RSI Calculator (Relative Strength Index)
Calculate Relative Strength Index from average gains and losses.
Includes overbought (70+) and oversold (30-) zones for momentum trading signals.
Welles Wilder published RSI in 1978. It is still the most-used oscillator on retail charts almost 50 years later. The formula:
RSI = 100 - (100 / (1 + RS))
where RS (Relative Strength) is the average gain divided by the average loss over the lookback period. Default lookback is 14 bars. Some swing traders use 9, intraday scalpers go down to 5, and longer-term traders push to 21 or 25.

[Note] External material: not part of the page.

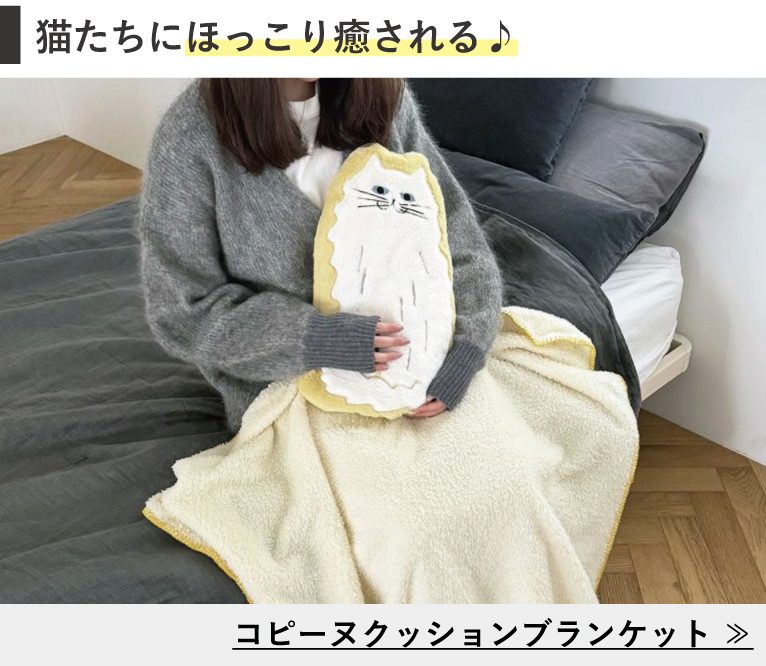 中のブランケットは膝にかけたり肩から羽織ったりするのにちょうど良いサイズ感。クッションとして置くだけで、まるで猫がそっと佇んでいるようなかわいらしい雰囲気を楽しめるのが◎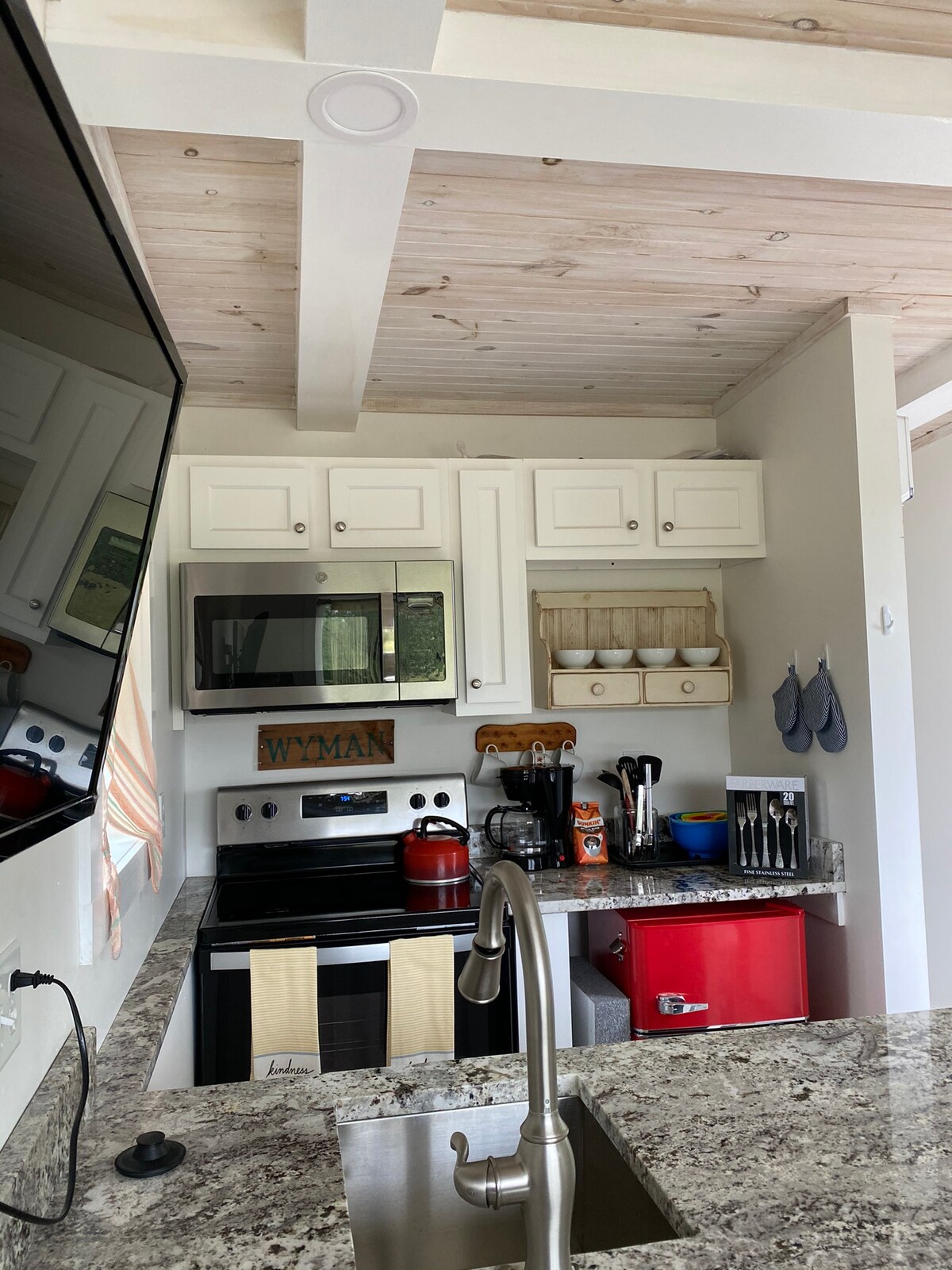 Modern studio apartment in a historic building in Eastport Maine. 460 sq ft with private deck, king-sized bed, sitting area w/gas stove, galley kitchen, and bathroom. Walk-out second story deck overlooks large side-yard and has table, umbrella, and chairs for outside dining or simply enjoying the day. Private entrance and off-street parking. Well-equipped kitchen w/ refrigerator/freezer, Keurig, kettle, toaster oven, cookware, knives, utensils, dinnerware. Large closet with vacuum and heater.

The two-step calculation. First period uses simple averages of gains and losses. Every period after that uses Wilder’s smoothing — the running average is updated as ((prev_avg × (N-1)) + current) / N. Wilder’s smoothing weights recent data less aggressively than an EMA, which is why RSI tends to read more smoothly than a stochastic on the same data.
Reading the value.
- Above 70: overbought, pullback risk rising
- Below 30: oversold, bounce odds increasing
- Crossing 50: trend bias flipping
- Above 80 or below 20: extreme zones, common during strong trends
The classic mistake. Treating RSI > 70 as an automatic short signal. In a strong uptrend, RSI lives between 60 and 90 for weeks. Selling every 70 print burns capital. Better: use RSI for divergences (price making higher highs while RSI makes lower highs) or for confirmation alongside structure.
Worked example. Over 14 bars: total gains 12.6, total losses 4.2.
- Avg gain = 0.9, avg loss = 0.3
- RS = 0.9 / 0.3 = 3.0
- RSI = 100 - (100 / 4) = 75
That is solidly overbought. In a ranging market, expect a pullback. In a strong trend, expect another leg up.